Dilbert, Oprah, Elaine Benes and Overcoming Your Fear of Change

by | Tuesday, October 8th, 2013

The Dilbert comic strip series is so often dead-on about the realities of life and business. Take the May 19, 2004 strip that smacks at the scariness of change.

Why does the Boss find change so frightening? Let’s consider change from a cultural perspective, which will shed light on why it can be scary. This fear must be overcome, as change is fundamental to innovation.

From childhood rearing, to primary education, through secondary education, and sometimes even higher education, the need for consistency is built into our fabric. We learn to maintain schedules and become comfortable with familiarity. Repetition is the foundation for even the simplest of events such as when to eat and sleep, to preparing for exams, to developing athletic skills, to military training, to engagement in social activities. As a result, we often shun change, or what is unfamiliar because it seems like an outlier. How many of us are thrilled when we see “Detour, Road Closed” and now need to go down an unknown, out-of-the-way highway? Those who overcome the natural instinct for repetition and are able to adopt change may become heroes, forward thinkers, or inventors; at a minimum, they are adept at learning to thrive in any situation. Conversely, when fear of change becomes severe and almost debilitating, it takes on the form of what psychologists term metathesiophobia.

Pop culture illustrates our obsession with familiarity vs. change. Consider the thousands of songs that deal with change: breakups, divorce, death, loss of friends, loss of innocence and social unrest. We see it on TV, such as the iconic Seinfeld episode, in which Elaine Benes angles for a dead neighbor’s 212 area code, rather than accept the new 646. We experience it in movies, such as The Descendants and, more recently, Blue JasmineOprah Winfrey also offers advice on managing change, noting that, like the spring rain, it will happen whether you want it or not.

Spencer Johnson, MD, offers a simplified model for change in his business classic, Who Moved My Cheese? The book is a simple parable that follows the activities of Sniff, Scurry, Hem and Haw, who live in a maze and need cheese for nourishment – cheese being a metaphor for what is wanted and the maze for the company environment. The characters represent different traits in how they deal with the situation – from moving on to seek new cheese, or stuck in denial, or initially scared but then moving on. The book teaches leaders and their organizations to realize that change happens (with them or without), change needs to be anticipated, change needs to monitored, change needs to be adapted to quickly, and always be ready to change again quickly. The key thought refrain in Dr.

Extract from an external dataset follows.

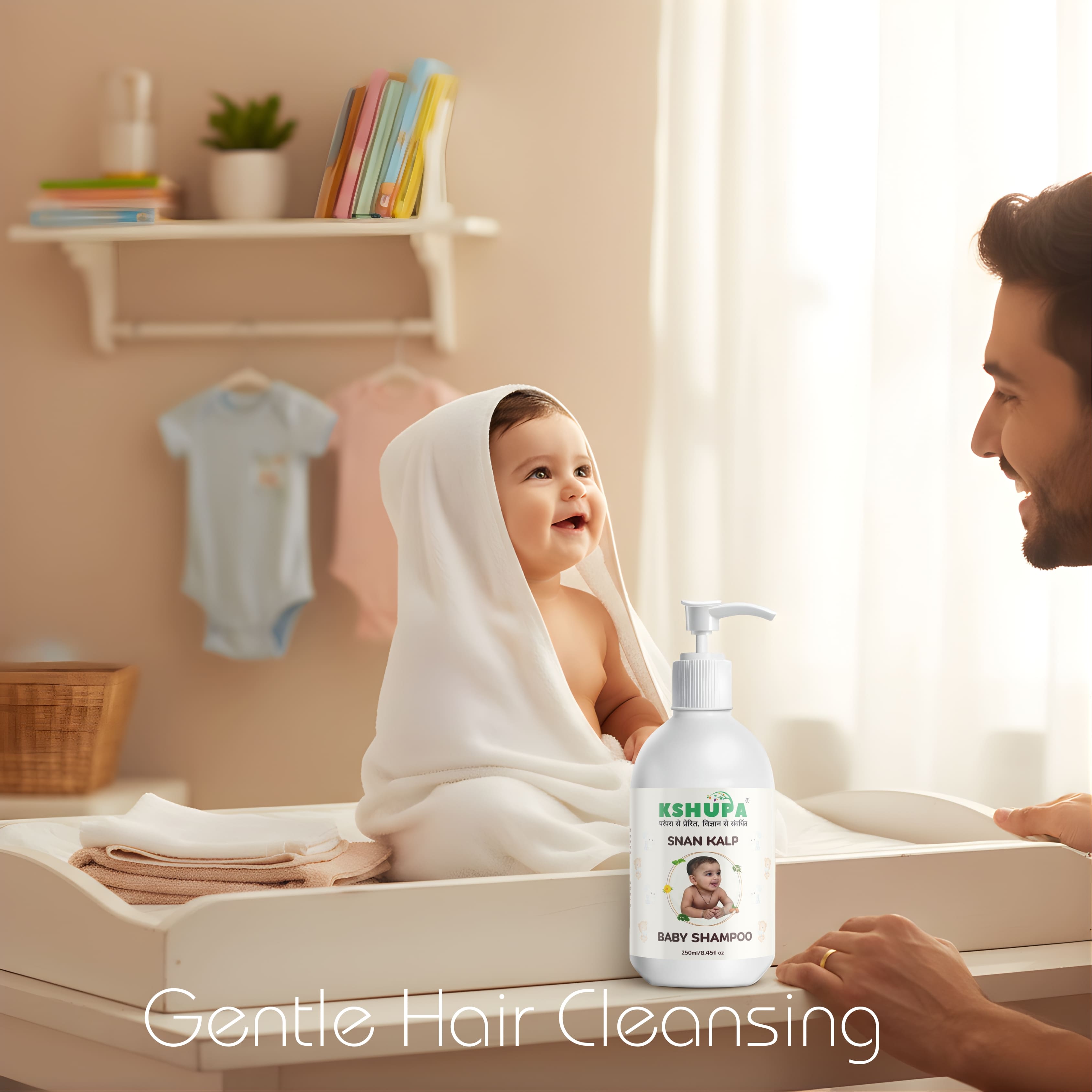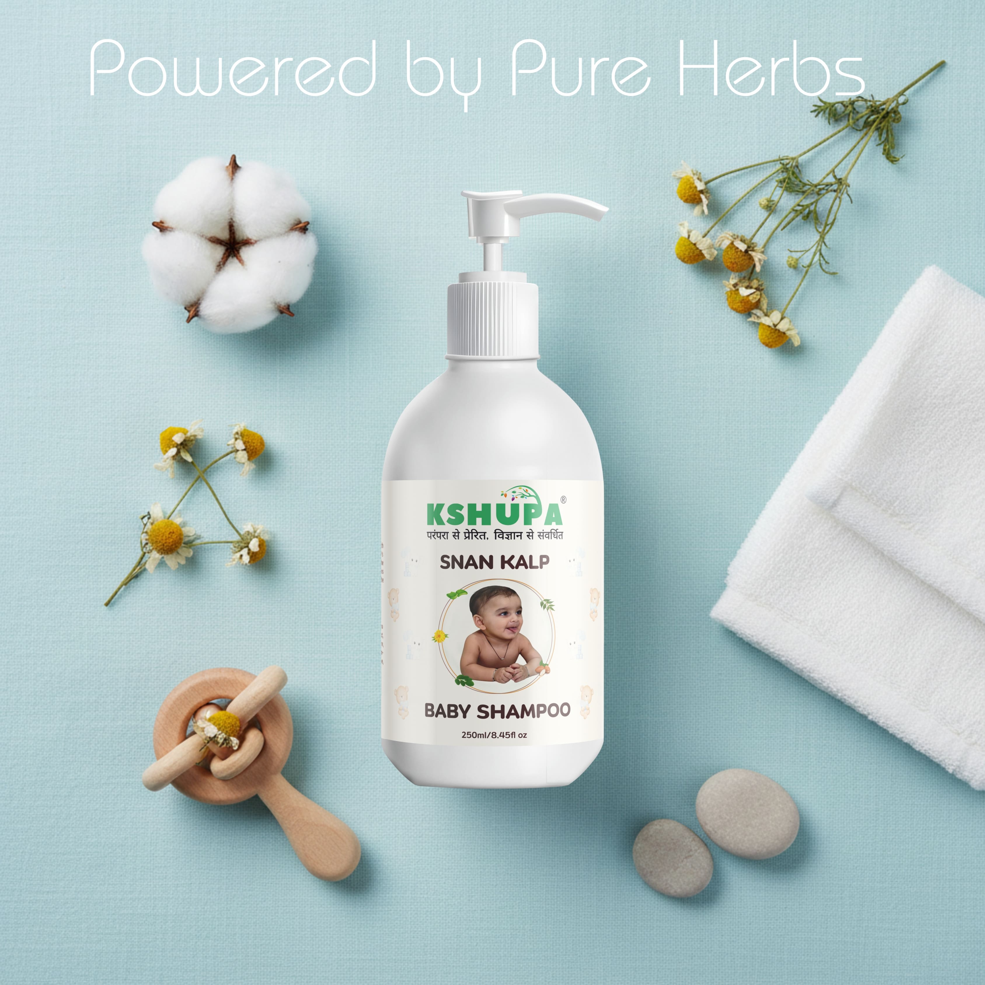 Cleanse: During the bath, use Snan Kalp Herbal Baby Shampoo on the scalp and hair. Lather gently and rinse thoroughly with water.

Johnson’s book is you either change or you become extinct.

So, how do you, as a leader, take your company through change? Harvard professor John Kotter, author of A Force for Change, The Heart of Change and A Sense of Urgency, notes that 70% of change efforts in organizations fail because leaders do not implement holistic efforts to see change all the way through. Kotter emphasizes that leadership is not about consistency and order. Rather, leadership produces movement and Kotter offers eight key ingredients for leaders to take their organizations through change.

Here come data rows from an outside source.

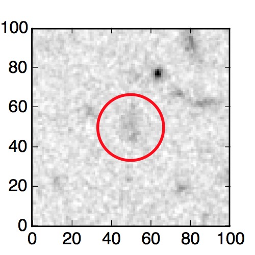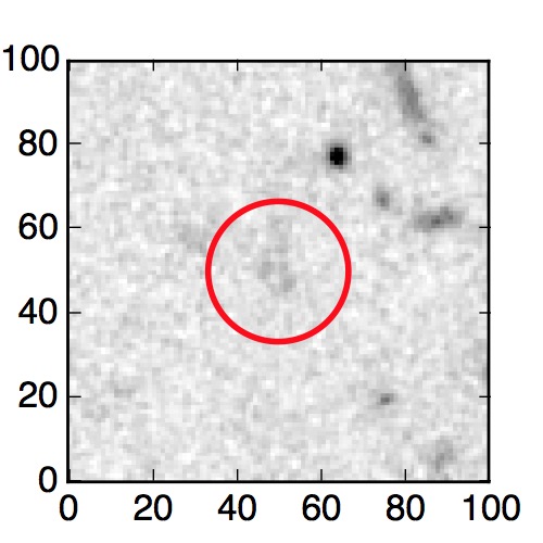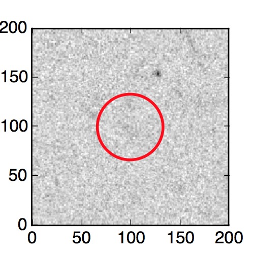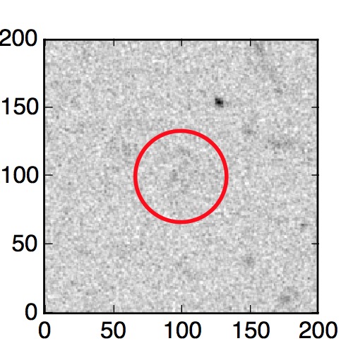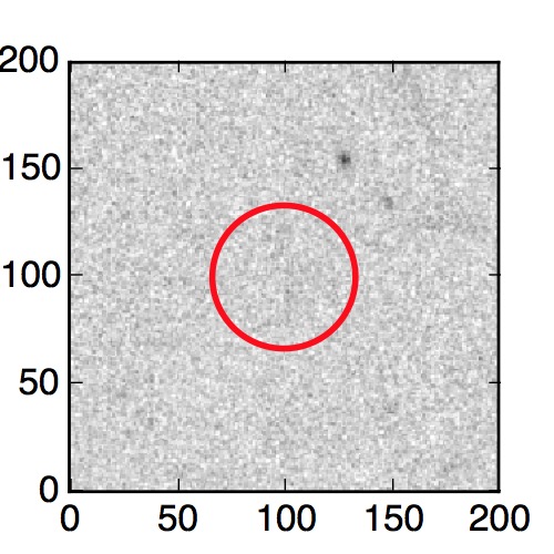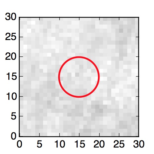 The red circle in the various panels is 1" in radius. The images are 6"x6".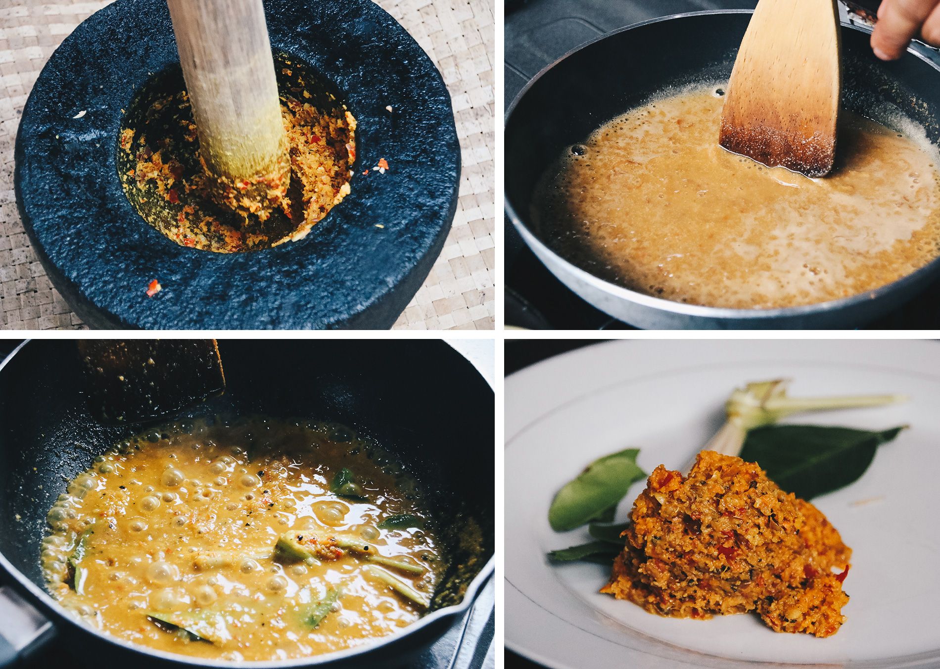 - Faites revenir dans un poêle avec l’huile,la pâte obtenue 7 minutes à feu doux puis le bâton de citronnelle, les poivres, le sucre, et salé.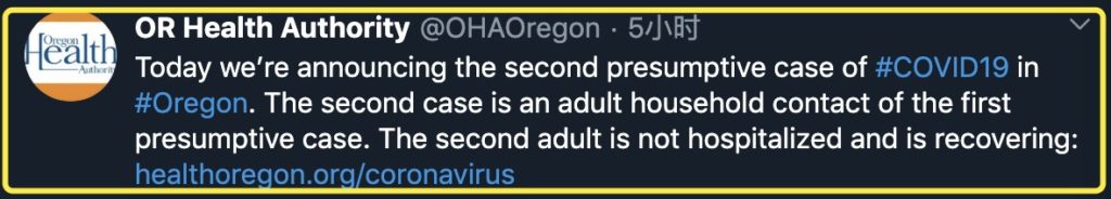 (翻译兼原创)3:00pm同步更新!俄勒冈州卫生局周日晚上宣布了该州第二例冠状病毒推定病例、周一又确诊第三例!华盛顿州大西雅图区也出现第二例新冠患者死亡!纽约州首次染色!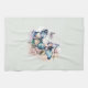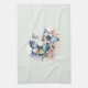 Kökshandduk med en trio fjärilar som flödar bland vissa söt blommor. Systemet för blå rosa och grönt färg.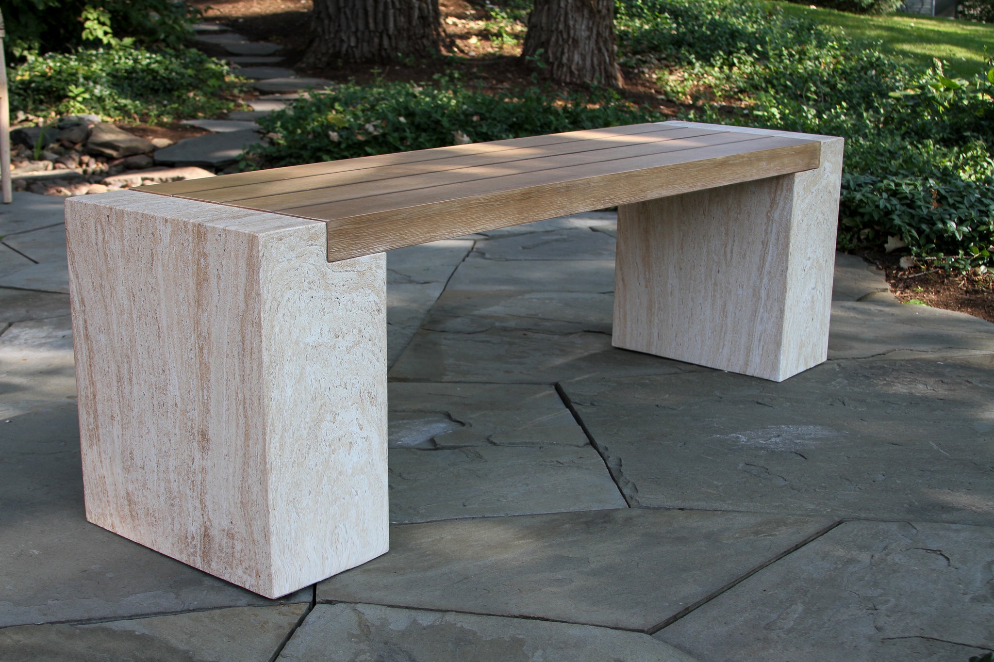 This bench combines natural warmth with lasting strength. Its antique-washed eucalyptus hardwood seat rests atop a composite base with the refined look of marble, creating a balanced design that’s both elegant and durable. Perfect as a standalone accent or paired with the matching Isabella Eucalyptus Marble Composite Dining Table, it brings timeless charm to any outdoor setting.

  1. Establish a true sense of urgency by connecting with the deepest values of their people and inspire them to greatness. Leaders need to make the business case for change come alive with passion.
  2. Create a guiding coalition that yields a team with a critical mass of position power, which can eliminate potential road-blocks; members should be respected in the organization, so that team announcements will be taken seriously; team members should represent well-rounded expertise; team members will be proven leaders who are able to direct change.
  3. Develop a change vision that can be aspired to and seen it as attainable. It will also be feasible (possible), focused and can be simply communicated.
  4. Communicate a vision for buy-in that is simple, vivid (others can create an image of the vision), and repeatable person-to-person, and invites two-way communication.
  5. Empower broad-based action so that structural barriers are removed that are inhibiting change and have honest, direct dialogue with managers who are not pulling their weight or impeding the progress of their constituencies.
  6. Generate short-term wins that reinforce the ultimate success of the change and should be celebrated. Short-term wins also can also win-over naysayers.
  7. It’s a long road, so never let-up. Leaders should attempt to drive change deeper and deeper into the organization. Do not let change stall.
  8. Make cultural change stick by demonstrating and communicating success, rewarding new values and norms, and reinforce with every new employee.

Kotter’s principles have been embraced by leading global companies. These principles enable leaders to take their organizations through even the scariest of changes that can be the result of technology advances, regulatory challenges, new competition, or even a change at the very top of the leadership hierarchy such as a new CEO.